What: Ice ages don't quite conform
Who: Christina Gallup, Assistant Professor UMD Department of Geological Sciences (218) 726-8984
The widely accepted theory that changes in Earth's orbit drive cycles of glaciation can't account for an early thawing of glaciers from the next-to-last ice age, according to research at the University of Minnesota. The failure of the Milankovitch theory, also called orbital forcing, to predict this thawing points to the existence of other factors that can override orbital forcing to influence climate, the researchers said. The work will be published in the Jan. 11 issue of Science.
Relying on extensive examinations of fossil corals, the researchers have tracked sea level changes and volumes of glacial ice, said lead author Christina Gallup, an assistant professor of geology at the University of Minnesota-Duluth. Because sea levels fall when glaciers build up and rise during glacial melting, the elevation at which corals grow depends partly on the glacial cycle. The Minnesota team has dated many ancient corals from Barbados beaches and determined when they grew and at what elevation with respect to current sea level. They have used their findings to compare glacial cycles to cycles in Earth's orbit, which, according to the theory of Serbian scientist Milutin Milankovitch (1879-1958), provide the impetus for ice buildup and melting.
"All previous coral data are in accord with Milankovitch," said Gallup. "Scientists have followed ice ages as far back as three million years and always found frequencies in the marine record of glaciations that are the same as the frequencies of variation in Earth's orbit.
"In this study, we did a more thorough sampling of the coral terrace built during the interglacial [between ice ages] period that occurred between 130,000 and 120,000 years ago. We found corals whose age and position indicated that during the transition to that interglacial, sea level rose too early to be consistent with Milankovitch. This exception tells us something. It implies that other things can override orbital forcing of glacial cycles."
The Milankovitch theory says that summer heating at high northern latitudes drives the melting of glaciers, Gallup explained. At latitude 65 degrees north, changes in Earth's orbit would have caused summer heating to reach a minimum at about 140,000 years ago and increase to a peak at 129,000 years ago. The theory predicts that most of the melting would occur after the halfway point, that is, 134,000 years ago and later. But the corals from Barbados indicate that sea level was quite high--within 20 percent of its all-time high--136,000 years ago. Therefore, much melting must have occurred thousands of years before the halfway point.

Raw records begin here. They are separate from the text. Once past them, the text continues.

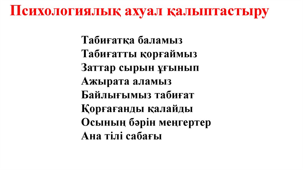 Психологиялық ахуал қалыптастыруТабиғатқа баламыз
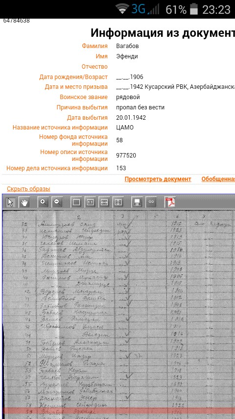 Наш дедушка ушёл на войну в январе 1942 года. Из Азербайджанской ССР. г. Кусары. После было два письма из Крыма, Севастополя. Письма до нас не дошли. Бабушка, во время переезда из Азербайджана в Дагестан потеряла их. С её только слов мы знаем, что он защищал Севастополь. Он считается без вести пропавшим.
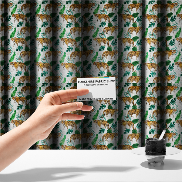 Transform your space with this stunning watercolour tiger safari design, rendered in luxuriously soft velvet. Perfect for creating bespoke curtains that make a bold statement, this upholstery fabric brings wild elegance and artistic flair to any room. The intricate tiger motif captures nature's beauty with painterly charm, while the plush velvet texture adds tactile warmth and sophistication. Ideal for those who dare to blend adventure with refined style. Made to measure for your perfect fit.

The early melting of glaciers could have been due to one or more factors, said Gallup. Scientists have theorized that when ice sheets get heavy enough, they depress the land beneath them and sink. They encounter warmer air at lower elevations, they have less area that's accumulating snow and ice, and sometimes, seawater flows under their bottom layers and helps melt them further. Also, the height of an ice age probably experiences the biggest amounts of floating sea ice. This hinders evaporation of water, shutting off the supply of moisture that fuels snowfalls at high latitudes.
A third factor was suggested by Robert Johnson, a geologist at the University of Minnesota-Twin Cities. Normally, as one moves from tropical to polar latitudes, there is a strong gradient in the amount of solar radiation received. But if this gradient and its accompanying temperature contrasts should weaken, then there will be a lesser energy gradient to drive moisture northward.
"Bob found that there was a minimum in this gradient 140,000 years ago," said Gallup. "This would contribute to glaciers deflating. They also could have been starved by sea ice and destabilized by sinking."
Gallup's colleagues in the study were University of Minnesota-Twin Cities geology professor Lawrence Edwards and postdoctoral fellow Hai Cheng, along with Fred Taylor, a faculty member at the University of Texas at Austin. The work was supported by the National Science Foundation.